Problem
When a workflow run is auto-resumed, every node previously marked `completed` is skipped via the `prior_success` path and its output is replayed from cache to downstream consumers. There's no escape hatch when a producer node exited 0 but its output is structurally bad (corrupted file, malformed JSON written to disk, missing fields). The downstream consumer keeps failing forever, and the only way to clear the bad cache is to rename the producer node so its identity changes.
Repro
- Build a workflow with a producer (
bash: or script:) that writes a file to $ARTIFACTS_DIR and exits 0, plus a consumer (script:) that reads that file.
- Author the producer with a subtle bash bug — e.g. `printf '%s' '$node.output'` (the
'…' collide with the auto-shell-quoter, the JSON gets bash-brace-expanded into garbage). Producer exits 0; file is corrupted.
- Consumer fails parsing the file.
- Fix the producer.
- Re-run `archon workflow run ...` — observe `workflow.dag_resuming`, `priorCompletedCount: N`, producer `Skipped (prior_success)`, consumer fails again with the same corrupted file.
- Repeat — fix doesn't take effect because producer is forever cached.
- Workaround: rename producer node `foo` → `foo-v2`, update all
depends_on references, update all $foo.output references downstream. Cache miss on the new id, producer re-runs, fix takes effect.
This happened to me building a release workflow.
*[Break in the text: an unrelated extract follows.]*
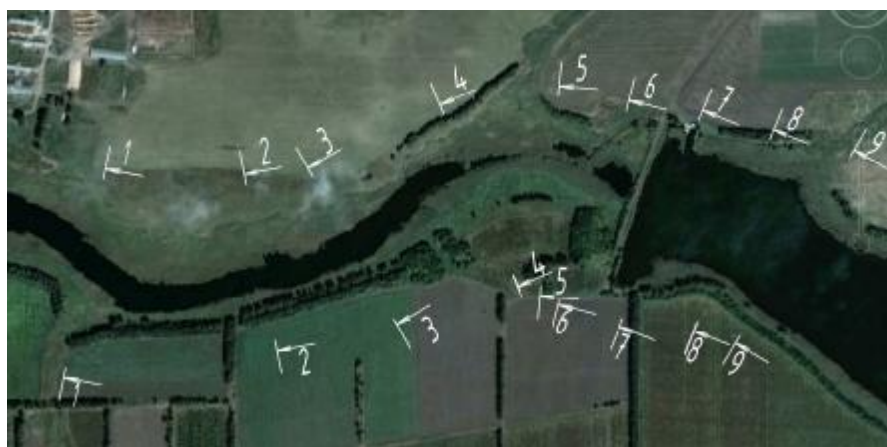
Рисунок 1. Пример разбивки поперечных профилей

Необходимо разработать поперечные профили, на которых представлены поперечные сечения с исправленной линией дна до исторических отметок. В морфологическом отношении форма русла была принята в виде трапецеидального сечения, глубины по профилю приняты постоянными. Формы береговой линии восстанавливаются до естественного состояния, это уменьшит влияние поверхностного стока с прилегающих территорий на водный объект (рис. 1–2).

The bridge node (persist-draft-changelog) wrote corrupted JSON because of an unrelated quoting bug, but the bash command exited 0. Three subsequent "fix and re-run" cycles all failed at the consumer because the cached corrupted file kept being used. Discovered the workaround by renaming to save-draft-json.
Why this is the worst class of bug
"Producer exit 0 + bad output" is structurally the hardest workflow failure mode to debug:
- The producer's log says "Completed (10ms)" — looks fine
- The consumer's error points at the consumer code ("JSON parse error") — misleading
- The bad artifact persists across resumes — every iteration sees the same broken downstream
- The
--resume-cached behavior actively hides the fix
- Renaming a node and chasing every reference is exactly the kind of yak-shave that breaks an authoring flow
For agents authoring workflows, this trap is catastrophic — they don't know to rename the node, and their fix-the-producer iterations all look like the producer is fine and the consumer is broken.
Proposed direction (sketches)
Any of these would help; not prescriptive:
archon workflow node invalidate <run-id> <node-id> — CLI escape hatch. Drops the cached output for one node; on next resume it re-runs.
archon workflow node invalidate <run-id> --downstream-of <node-id> — invalidate everything that consumed <node-id>'s output. Useful when the producer was OK but you changed its consumer's contract.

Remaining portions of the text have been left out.